On average, it costs about $12,680 each year to care for a child from birth through age 2. Your costs may be on the higher side if you need to use child care, which ranges from around $5,000 to $24,000 annually depending on your location. Other expenses include diapers, clothing, and food (if you opt to formula feed them and/or once they start solids). While you're expecting, research medical insurance, which can help control costs for your baby's hospital delivery as well as visits to a pediatrician and dentist.
Atopic dermatitis (eczema) is common in babies, affecting one in four children. In babies, eczema usually appears as a rash on their head or face, often the cheeks. Using fragrance-free cleansers and helping your baby avoid common triggers, like sweat or pet dander, can help.

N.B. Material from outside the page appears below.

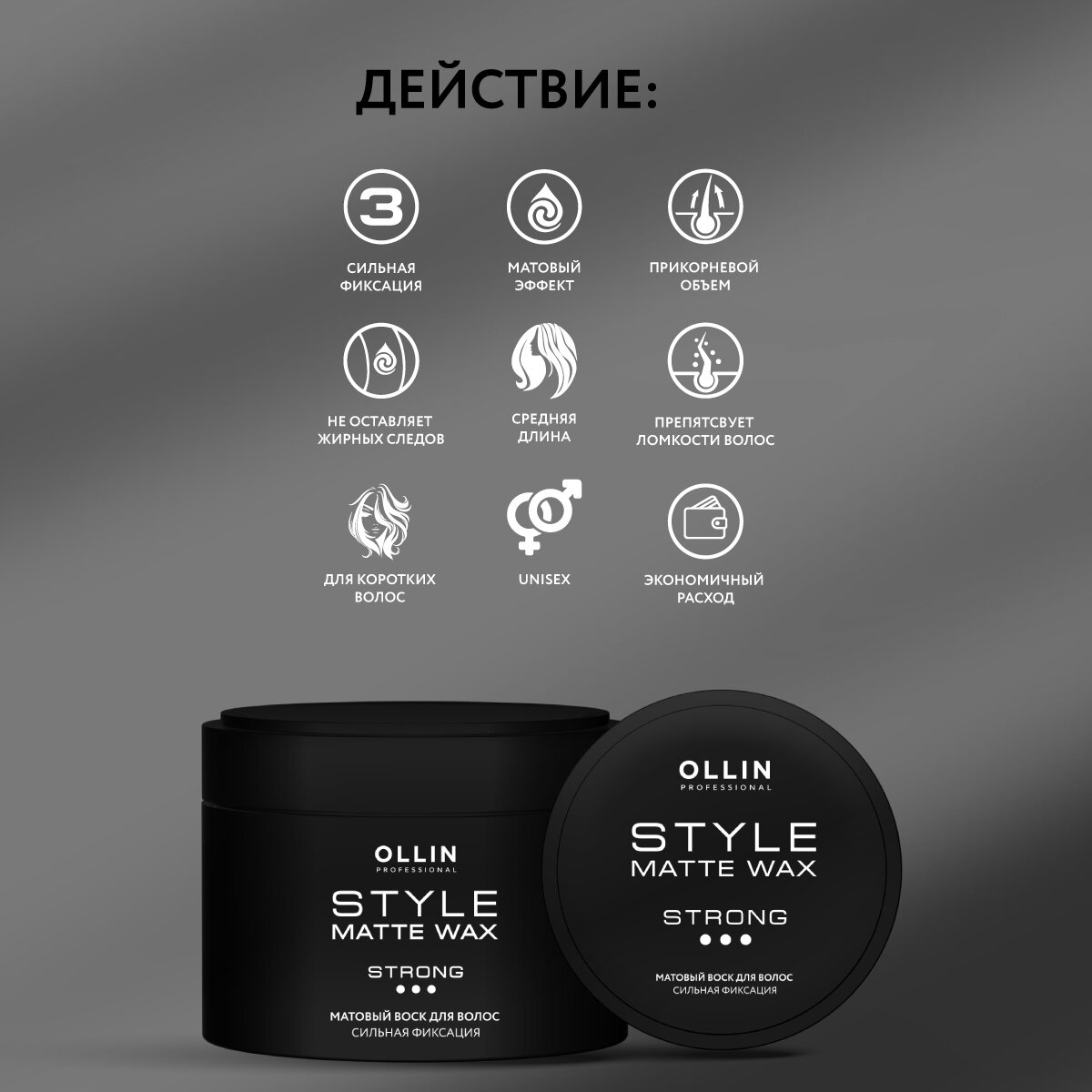 Ollin Style Strong Hold Matte Wax - Оллин Стайл Матовый воск для волос сильной фиксации, 50 г -

Your child is born with 20 still-hidden baby teeth. These teeth will come in between 6 and 33 months. Between ages 6 and 12 years, they'll lose these primary teeth to make way for permanent teeth.
In baby-led weaning, parents follow their infant's cues when introducing solid foods. This usually means skipping the traditional method of spoon-feeding pre-packaged purees and instead letting babies use their hands to sample small pieces of foods the rest of the family is enjoying. Research shows that baby-led weaning does not put an infant at higher risk of choking.
Baby sign language refers to the act of communicating with babies using certain gestures. There are helpful websites where can help you learn the signs. The American Academy of Pediatrics suggests starting with these words: airplane, baby, ball, bird, blanket, book, cat, cup, cold, daddy, diaper, dog, done, drink, eat, go, good night, happy, help, hot, hurt, I love you, milk, mommy, more, nap, no, outside, please, sit, sleep, star, thank you, up, water.
Doctors define colic as inconsolable crying for more than three hours per day, more than three days per week, for longer than three weeks. The causes of colic are unclear. You can try to treat it by controlling for suspected triggers, like avoiding dairy products when you are breastfeeding, but many babies simply outgrow it by a few months of age.
Jaundice is a yellowing of the skin and the whites of the eyes that's normal in newborns, especially preemies. That's because their livers are still developing to process bilirubin, a yellow substance in the blood. Jaundice is usually noticeable when the baby is 2 to 4 days old and usually goes away within 2 weeks.
Triggered by hot temperatures and sweat, heat rash appears suddenly as small, itchy, red bumps. It's more common in babies than older children and can be relieved by taking your infant to a cool location, removing layers of clothing, or applying a cold compress.
Oral thrush (oral candidiasis) is a yeast infection in the mouth. Look for cracked skin in the corners of your baby's mouth or stubborn white patches on their lips, tongue, or inside their cheeks. It's most common in babies 6 months or younger since their immune systems are still developing.